North Allegheny School District Administration reported that 1,246 or 15.54% of its students were gifted in 2009. This was the highest percentage of gifted students reported among all 500 school districts and 100 public charter schools in Pennsylvania. The second highest percentage of gifted students were enrolled at Radnor Township School District at 12.95% of students. By law, the district must provide mentally gifted programs at all grade levels. The referral process for a gifted evaluation can be initiated by teachers or parents by contacting the student’s building principal and requesting an evaluation. All requests must be made in writing. To be eligible for mentally gifted programs in Pennsylvania, a student must have a cognitive ability of at least 130 as measured on a standardized ability test by a certified school psychologist. Other factors that indicate giftedness will also be considered for eligibility.
Pennsylvania public school districts budget and expend funds according to procedures mandated by the General Assembly and the Pennsylvania Department of Education (PDE). An annual operating budget is prepared by school district administrative officials. A uniform form is furnished by the PDE and submitted to the board of school directors for approval prior to the beginning of each fiscal year on July 1.
Under Pennsylvania’s Taxpayer Relief Act, Act 1 of the Special Session of 2006, all school districts of the first class A, second class, third class and fourth class must adopt a preliminary budget proposal. The proposal must include estimated revenues and expenditures and the proposed tax rates. This proposed budget must be considered by the Board no later than 90 days prior to the date of the election immediately preceding the fiscal year. The preliminary budget proposal must also be printed and made available for public inspection at least 20 days prior to its adoption.

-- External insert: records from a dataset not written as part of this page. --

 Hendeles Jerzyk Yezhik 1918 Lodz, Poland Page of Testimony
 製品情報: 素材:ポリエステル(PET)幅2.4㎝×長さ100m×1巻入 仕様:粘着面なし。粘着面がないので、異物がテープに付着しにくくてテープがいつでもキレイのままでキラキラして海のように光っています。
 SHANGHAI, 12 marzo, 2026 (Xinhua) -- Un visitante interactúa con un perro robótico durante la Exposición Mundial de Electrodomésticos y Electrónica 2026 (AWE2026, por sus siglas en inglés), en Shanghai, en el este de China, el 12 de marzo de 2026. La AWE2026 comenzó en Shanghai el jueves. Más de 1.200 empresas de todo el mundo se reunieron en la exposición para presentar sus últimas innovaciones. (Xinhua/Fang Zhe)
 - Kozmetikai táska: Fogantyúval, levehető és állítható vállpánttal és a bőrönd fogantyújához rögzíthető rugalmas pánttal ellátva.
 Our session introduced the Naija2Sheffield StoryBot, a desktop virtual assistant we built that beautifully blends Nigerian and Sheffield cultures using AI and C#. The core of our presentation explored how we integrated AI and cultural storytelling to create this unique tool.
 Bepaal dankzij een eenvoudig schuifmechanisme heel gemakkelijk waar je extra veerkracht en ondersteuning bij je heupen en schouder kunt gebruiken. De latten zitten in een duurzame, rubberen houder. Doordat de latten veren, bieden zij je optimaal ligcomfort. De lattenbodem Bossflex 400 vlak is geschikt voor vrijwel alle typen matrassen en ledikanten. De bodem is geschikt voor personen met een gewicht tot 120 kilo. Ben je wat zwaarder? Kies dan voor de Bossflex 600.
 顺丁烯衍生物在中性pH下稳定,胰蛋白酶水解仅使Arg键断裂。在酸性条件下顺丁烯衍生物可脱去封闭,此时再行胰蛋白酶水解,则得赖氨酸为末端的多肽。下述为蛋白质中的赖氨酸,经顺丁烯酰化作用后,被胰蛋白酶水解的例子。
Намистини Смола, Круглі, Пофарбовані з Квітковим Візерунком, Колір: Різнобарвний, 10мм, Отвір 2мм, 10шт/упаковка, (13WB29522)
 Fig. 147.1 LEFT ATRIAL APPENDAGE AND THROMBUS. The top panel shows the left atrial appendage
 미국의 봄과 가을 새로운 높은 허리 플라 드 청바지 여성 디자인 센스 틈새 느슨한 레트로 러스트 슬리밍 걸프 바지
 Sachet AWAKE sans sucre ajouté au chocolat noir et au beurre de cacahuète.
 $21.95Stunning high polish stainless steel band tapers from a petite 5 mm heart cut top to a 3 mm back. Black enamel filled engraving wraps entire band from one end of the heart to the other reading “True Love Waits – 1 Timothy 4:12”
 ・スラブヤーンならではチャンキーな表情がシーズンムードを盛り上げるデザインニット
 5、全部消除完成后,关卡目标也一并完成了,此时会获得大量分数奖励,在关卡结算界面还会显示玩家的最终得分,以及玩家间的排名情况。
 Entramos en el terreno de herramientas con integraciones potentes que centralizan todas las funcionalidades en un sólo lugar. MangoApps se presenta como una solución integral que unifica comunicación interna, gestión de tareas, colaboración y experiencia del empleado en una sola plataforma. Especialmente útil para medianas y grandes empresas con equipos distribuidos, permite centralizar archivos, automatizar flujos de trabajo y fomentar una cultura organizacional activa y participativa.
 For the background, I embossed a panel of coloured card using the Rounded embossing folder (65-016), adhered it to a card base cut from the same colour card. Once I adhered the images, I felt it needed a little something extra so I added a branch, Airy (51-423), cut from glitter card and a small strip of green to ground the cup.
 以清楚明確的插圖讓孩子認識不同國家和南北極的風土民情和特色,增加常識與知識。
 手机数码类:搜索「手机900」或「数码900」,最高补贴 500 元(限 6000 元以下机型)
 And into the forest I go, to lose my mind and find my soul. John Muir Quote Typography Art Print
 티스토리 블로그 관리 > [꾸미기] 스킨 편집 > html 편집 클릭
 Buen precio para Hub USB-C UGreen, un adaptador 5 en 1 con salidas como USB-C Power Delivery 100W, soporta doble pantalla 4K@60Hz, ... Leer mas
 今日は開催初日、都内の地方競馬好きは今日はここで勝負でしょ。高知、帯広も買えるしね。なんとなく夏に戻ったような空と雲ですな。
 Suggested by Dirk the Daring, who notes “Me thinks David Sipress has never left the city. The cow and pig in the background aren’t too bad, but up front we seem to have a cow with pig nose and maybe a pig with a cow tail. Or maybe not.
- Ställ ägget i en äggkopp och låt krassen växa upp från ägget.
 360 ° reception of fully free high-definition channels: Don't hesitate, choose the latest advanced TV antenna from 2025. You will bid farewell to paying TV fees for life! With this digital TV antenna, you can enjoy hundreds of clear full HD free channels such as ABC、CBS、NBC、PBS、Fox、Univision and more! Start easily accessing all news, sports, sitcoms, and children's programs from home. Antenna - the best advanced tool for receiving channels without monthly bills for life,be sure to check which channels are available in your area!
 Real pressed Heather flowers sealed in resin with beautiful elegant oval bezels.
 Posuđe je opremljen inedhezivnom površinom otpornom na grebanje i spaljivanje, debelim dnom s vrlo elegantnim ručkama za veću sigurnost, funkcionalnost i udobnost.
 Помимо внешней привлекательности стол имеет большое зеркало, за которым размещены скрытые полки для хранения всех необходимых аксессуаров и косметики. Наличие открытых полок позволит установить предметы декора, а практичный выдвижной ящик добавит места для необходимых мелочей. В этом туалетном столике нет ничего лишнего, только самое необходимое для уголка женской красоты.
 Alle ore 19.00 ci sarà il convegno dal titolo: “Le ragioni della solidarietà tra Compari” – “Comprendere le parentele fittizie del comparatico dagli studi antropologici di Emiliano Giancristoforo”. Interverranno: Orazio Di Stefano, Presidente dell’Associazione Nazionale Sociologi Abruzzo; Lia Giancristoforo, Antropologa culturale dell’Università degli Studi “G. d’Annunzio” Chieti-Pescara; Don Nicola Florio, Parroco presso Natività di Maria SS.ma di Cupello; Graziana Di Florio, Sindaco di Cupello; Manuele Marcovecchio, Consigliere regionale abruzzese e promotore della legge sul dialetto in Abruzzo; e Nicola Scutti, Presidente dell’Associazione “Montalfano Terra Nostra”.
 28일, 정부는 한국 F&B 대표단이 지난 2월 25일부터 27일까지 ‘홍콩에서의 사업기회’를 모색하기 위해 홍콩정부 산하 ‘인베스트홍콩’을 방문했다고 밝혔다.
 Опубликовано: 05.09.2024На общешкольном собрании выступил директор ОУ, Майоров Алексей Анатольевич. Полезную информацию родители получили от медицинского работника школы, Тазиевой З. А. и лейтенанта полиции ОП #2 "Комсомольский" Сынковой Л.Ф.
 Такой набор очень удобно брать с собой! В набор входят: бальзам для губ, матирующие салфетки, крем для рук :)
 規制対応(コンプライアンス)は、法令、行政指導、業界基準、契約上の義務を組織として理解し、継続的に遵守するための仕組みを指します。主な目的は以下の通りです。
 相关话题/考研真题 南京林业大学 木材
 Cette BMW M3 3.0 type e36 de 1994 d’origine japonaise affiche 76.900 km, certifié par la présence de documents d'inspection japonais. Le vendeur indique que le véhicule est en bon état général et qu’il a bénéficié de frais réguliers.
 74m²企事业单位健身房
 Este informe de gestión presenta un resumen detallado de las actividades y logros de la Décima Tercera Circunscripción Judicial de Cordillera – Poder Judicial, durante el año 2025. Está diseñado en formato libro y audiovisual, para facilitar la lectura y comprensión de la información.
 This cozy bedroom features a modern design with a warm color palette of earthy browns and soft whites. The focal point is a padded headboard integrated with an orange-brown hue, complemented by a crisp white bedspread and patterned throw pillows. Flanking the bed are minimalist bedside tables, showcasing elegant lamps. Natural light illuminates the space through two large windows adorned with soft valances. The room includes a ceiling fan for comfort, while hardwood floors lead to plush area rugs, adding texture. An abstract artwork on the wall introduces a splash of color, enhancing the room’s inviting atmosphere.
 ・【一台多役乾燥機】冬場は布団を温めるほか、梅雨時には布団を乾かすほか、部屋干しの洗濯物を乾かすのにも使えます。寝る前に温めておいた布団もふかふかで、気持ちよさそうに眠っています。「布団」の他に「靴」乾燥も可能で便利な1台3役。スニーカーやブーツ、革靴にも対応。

The board of school directors may hold a public hearing on the budget, but are not required to do so. The board must give at least 10 days’ public notice of its intent to adopt the final budget according to Act 1 of 2006.
In 2012, the average teacher salary in North Allegheny School District was $72,831.99 a year, while the cost of the benefits teachers received was $23,581 per employee, for a total annual average teacher compensation of $96,413.96. The District employed 658 teachers with a top salary of $174,942.
In 2011, the average teacher salary in North Allegheny School District was $71,430 a year, while the cost of the benefits teachers receive was $20,075 per employee, for a total annual average teacher compensation of $91,506.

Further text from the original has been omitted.